▶ **Exercise description**:
Print the listing below again, exactly. Skip the pictures.

▶ **Recorded data**:
⟨

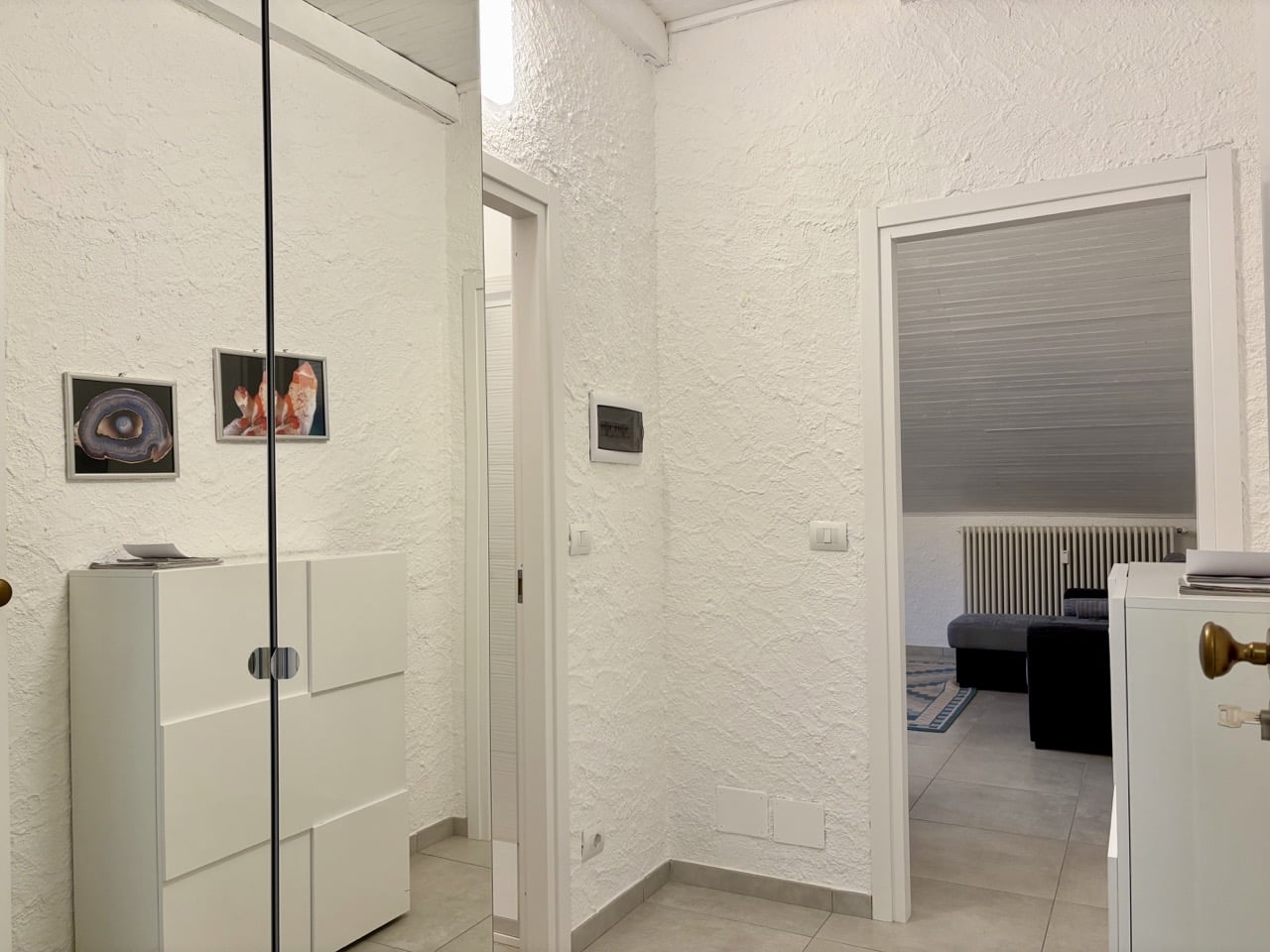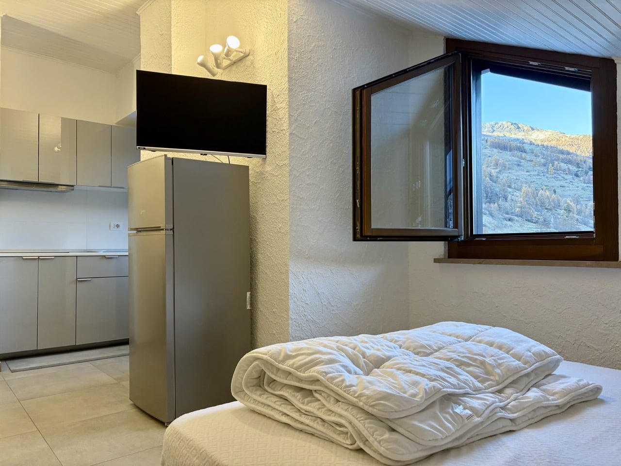L’ingresso si apre su un disimpegno attrezzato con ampio armadio su misura e cassettiera/scarpiera; segue un soggiorno luminoso, arredato con letto matrimoniale e divano letto, curato e pensato per ottimizzare al massimo lo spazio. L’angolo cottura, razionale e moderno, è dotato di piastra a induzione, lavatrice, lavastoviglie e frigorifero a libera installazione, perfettamente integrati nel layout della cucina.
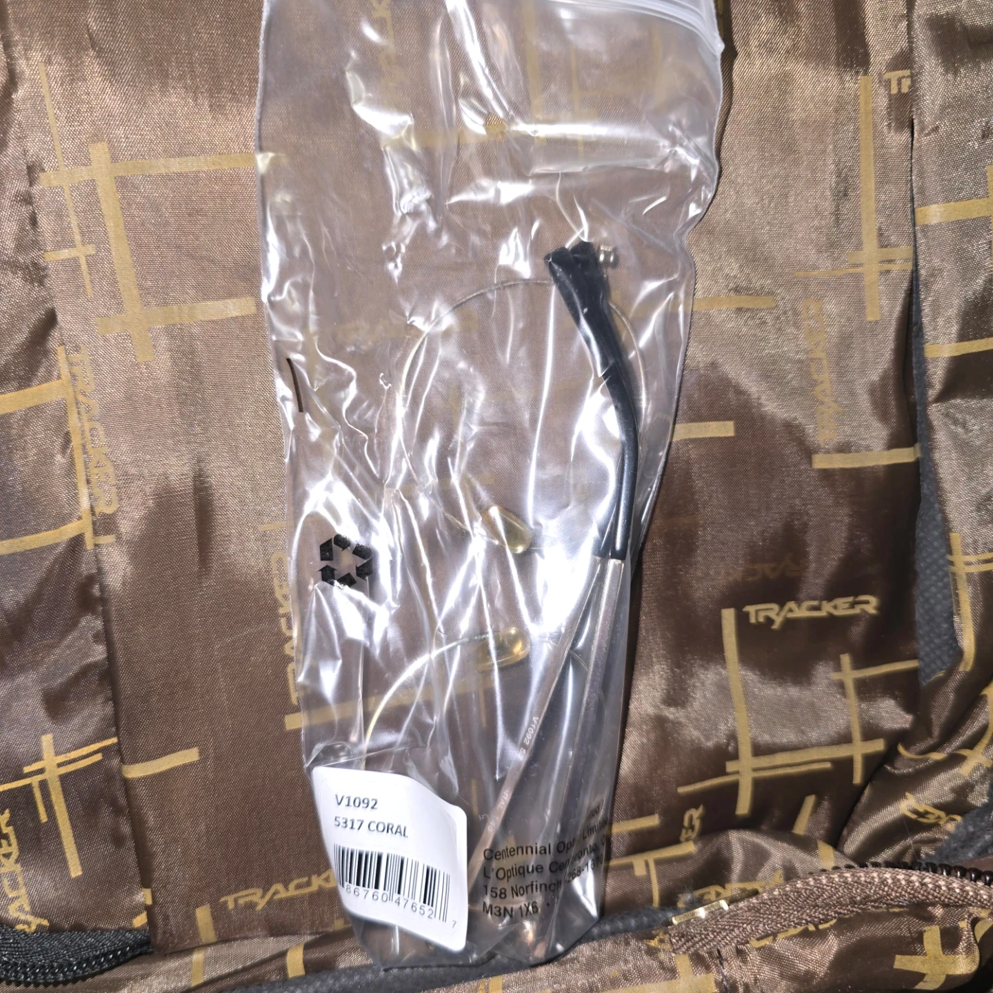 These are Tracker V1092 eyeglass frames in a coral colour. Model number 5317. They are new and come in original packaging. Perfect for someone looking for new eyewear!
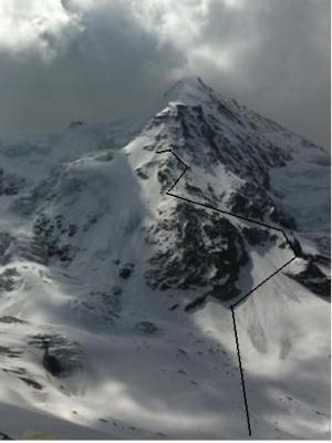 über Coeur Von Cabane de Mountet Aufbruch gegen 2:00 über Durand-Gletscher zum Coeur auf Band und Traverse bis zum Ende des NNE-Grats. Wegen tw. hüfthohem Pulver kein Weiterqueren in den Firnhang. Weiterer Aufstieg am Grat selbst bis ca. 3400, was trotz recht viel Schnee gut machbar ist. Zweiter Traversenversuch auf Höhe Gletscherplateau wg. weiterhin viel Pulver erneut frustran und Abstieg in Aufstiegsspur.

⟩

▶ **Task output**:
L’ingresso si apre su un disimpegno attrezzato con ampio armadio su misura e cassettiera/scarpiera; segue un soggiorno luminoso, arredato con letto matrimoniale e divano letto, curato e pensato per ottimizzare al massimo lo spazio. L’angolo cottura, razionale e moderno, è dotato di piastra a induzione, lavatrice, lavastoviglie e frigorifero a libera installazione, perfettamente integrati nel layout della cucina.
 These are Tracker V1092 eyeglass frames in a coral colour. Model number 5317. They are new and come in original packaging. Perfect for someone looking for new eyewear!
 über Coeur Von Cabane de Mountet Aufbruch gegen 2:00 über Durand-Gletscher zum Coeur auf Band und Traverse bis zum Ende des NNE-Grats. Wegen tw. hüfthohem Pulver kein Weiterqueren in den Firnhang. Weiterer Aufstieg am Grat selbst bis ca. 3400, was trotz recht viel Schnee gut machbar ist. Zweiter Traversenversuch auf Höhe Gletscherplateau wg. weiterhin viel Pulver erneut frustran und Abstieg in Aufstiegsspur.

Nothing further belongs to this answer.